[Feature Request] Cache Classifier: Shared Content Cache for Designated Folders Across Subagents
[Feature Request] Cache Classifier: Shared Content Cache for Designated Folders Across Subagents
Summary
Add a cache_classifier configuration primitive in settings.json that designates specific folders as shared cacheable content. When subagents spawn, they pull file content from these folders via a session-wide shared cache instead of re-reading from disk. This provides opt-in, content-based caching that is shared across parallel subagents — distinct from full conversation context inheritance.
Problem
When a parent agent loads a set of files (documentation, reference materials, guides, schemas, etc.) and then spawns multiple subagents that also need those same files, each subagent re-reads the files from disk independently. For workflows that spawn many parallel subagents that share a common reference set, this produces massive redundant input token costs.
Example scenario:
- Parent loads 60 reference documents (average 50KB each = 3MB total)

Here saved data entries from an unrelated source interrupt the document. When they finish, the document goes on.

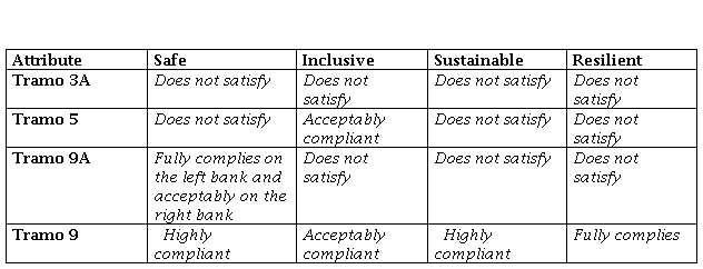 The qualitative assessment in the study area revealed the behavior depicted in table 3, which shows non-compliance with sustainability and resilience attributes in Sections 3A, 5, and 9A.
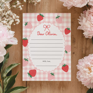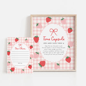 Celebrate your child's special day with this strawberry birthday themed time capsule! This is a template that you can edit yourself at Corjl.com, then download and print with a printing service of your choice or send as a digital invitation.
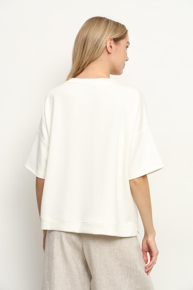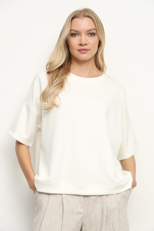 Модель отличается короткими рукавами с небольшим спущенным плечом, что придает ей современный и непринужденный вид. Блуза изготовлена из высококачественного модала, полиэстера и эластана, что делает ее приятной к телу и устойчивой к деформации.
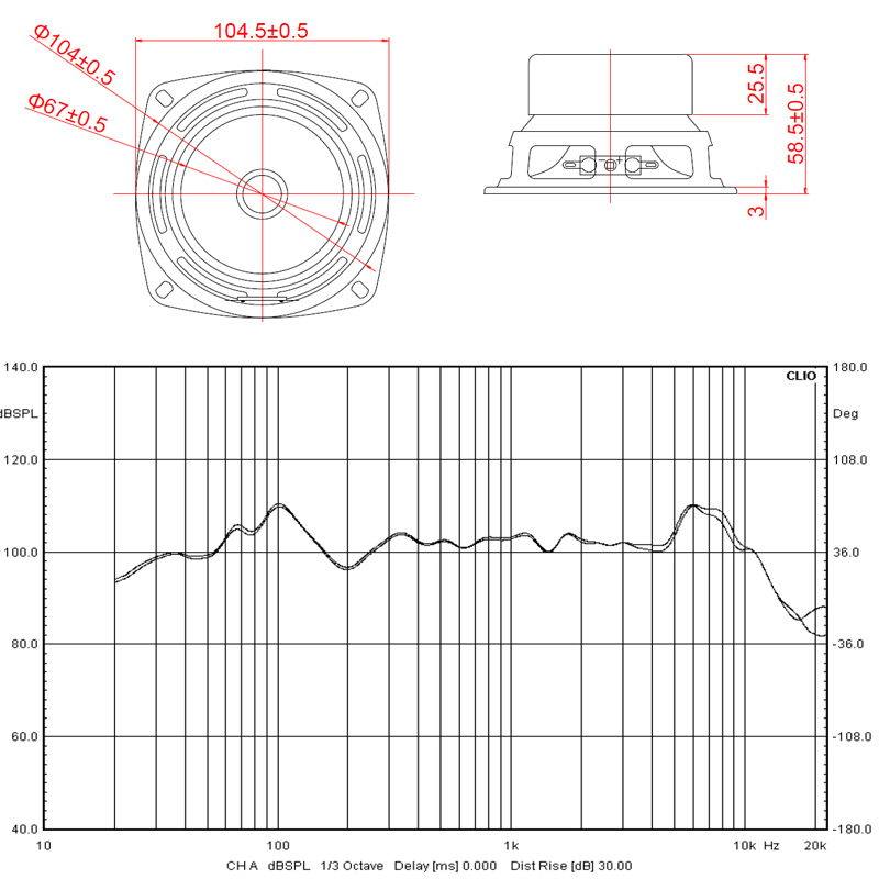 102.5 ± 3db/1 Watt.1Meter.Average at800,1000,1200,1500HZ.
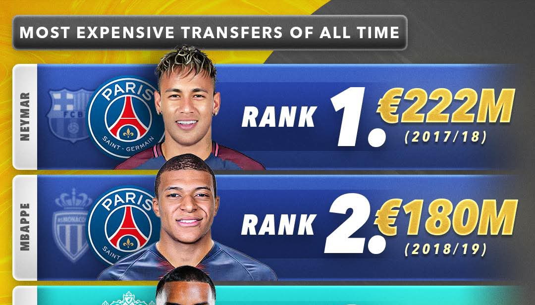🥇 نیمار – €222M به پاریسنژرمن (۲۰۱۷/۱۸)
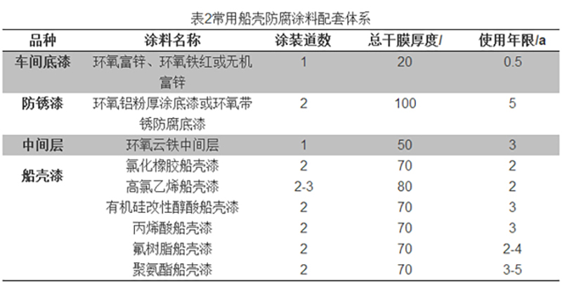 該區(qū)域涂料主要受海水、霧、海風的侵蝕,氣溫變化、日光照射的影響,從而加速漆膜的失光、粉化,甚至開裂脫落,目前主要以三涂層體系為主,底漆有環(huán)氧富鋅底漆、無機富鋅底漆、水性無機富鋅底漆、環(huán)氧磷化底漆、磷化底漆;中間層為環(huán)氧云鐵防腐涂料、無涂裝間隔的改性環(huán)氧涂料;耐候面漆有有機硅改性醇酸、氯化橡膠、單組分丙烯酸、可復涂丙烯酸聚氨酯、氟碳涂料。依據(jù)不同的防腐年限,采用不同的配套涂料體系,一些配套涂料體系經(jīng)實船試驗有10a以上的防腐期效。目前國外的發(fā)展趨勢為長效、環(huán)保、施工道數(shù)少、采用二涂層體系代替?zhèn)鹘y(tǒng)的三涂層體系,如美國PSX系列雜化硅環(huán)氧、雜化硅丙烯酸系列,目前各大型艦船涂料制備公司都開始推出相應的產(chǎn)品。此類涂料可減少施工道數(shù)、降低施工過程中的溶劑揮發(fā)、有更高的耐候性,涂料的綜合性價比較三涂層丙烯酸聚氨酯體系有較大的優(yōu)勢。目前的傳統(tǒng)三涂層配套體系見表2。

- Parent spawns 30 parallel subagents to perform independent tasks
- Each subagent needs access to the same 60 reference documents
- Current behavior: 30 × 60 file reads = 1,800 redundant file loads
- Input tokens: ~180M tokens (3MB × 30 subagents × token ratio)

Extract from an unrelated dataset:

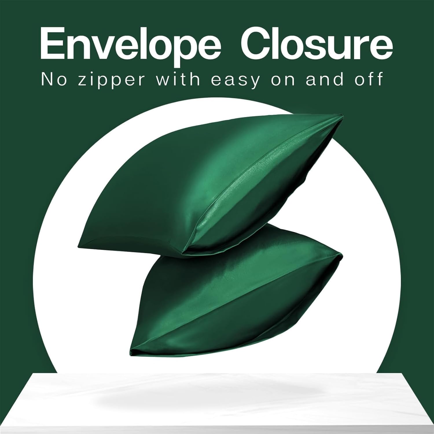 MR&HM Satin Pillowcase for Hair and Skin, Silk Satin Pillowcase 2 Pack, Queen Size Pillow Cases Set of 2, Silky Pillow Cover with Envelope Closure (20x30, Dark Green)
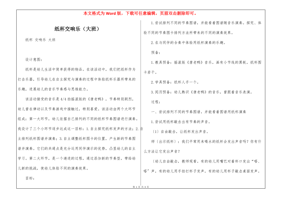 本文格式为Word版,下载可任意编辑,页眉双击删除即可纸杯交响乐(大班)纸杯 交响乐 大班 设计意图: 纸杯是幼儿生活中简单获得的物品在该活动中,我们把纸杯作为打击乐器,引导幼儿在自主探究与演奏的过程中体验纸杯乐器所带来的乐趣,进展幼儿的音乐节奏感与思维能力 该活动接受的音乐是4/4拍摇滚版的《唐老鸭》,节奏特别剧烈,幼儿曾在律动以及节奏游戏中接触过,特别喜爱该活动由两个大环节组成:第一大环节,幼儿依据自己排列的不同的纸杯节奏图谱进行演奏我设计了三个小环节逐步达成这一目标:1.自主探究纸杯发声的方法;2.自主排列纸杯图谱并演奏;3.自主调整纸杯图卡的位置,产生新的节奏图谱并演奏它们的共通点是充分运用同伴演示的优势,凸显幼儿的自主学习第二大环节,是一个递进的过程,通过添加新的节奏型,带给幼儿新的挑战,使幼儿体验不同的演奏效果 目标: 1.尝试排列不同的节奏图谱,并能看着图谱随音乐演奏探究、体验不同的节奏图卡排列方法所带来的不同的演奏效果 2.在与同伴的合奏中体验用纸杯演奏的乐趣 预备: 1.教具预备:摇滚版《唐老鸭》音乐,画有小节线的黑板,纸杯图卡若干 2.学具预备:纸杯人手一个。

The parent already paid to load these files. The content doesn't change during the session. Re-loading them per subagent is pure overhead.
Proposed Solution
A cache classifier configuration that designates specific folders whose content should be cached and shared across all agents in the session tree.
Configuration Example
{
"cache_classifier": {
"cached_folders": [
"/path/to/project/reference_docs/",
"/path/to/project/schemas/",
"/path/to/project/style_guides/"
],
"cache_scope": "session",
"share_with_subagents": true,
"invalidation": "file_mtime"
}
}
Behavior
- Parent agent reads a file from a designated
cached_folder - Classifier tags the content with file path + hash/mtime and stores it in a session-wide cache pool
- Subagent spawns and attempts to read the same file
- Cache lookup finds the content by path + hash
- Subagent receives cached content instead of disk read + token cost
- Delta tokens only: subagent pays for its own prompt, tools, and task-specific content — not the cached reference material
Cache Invalidation
- File mtime tracking: if a cached file's modification time changes, the cache entry is invalidated and re-read
- Session-scoped: cache cleared at session end (configurable)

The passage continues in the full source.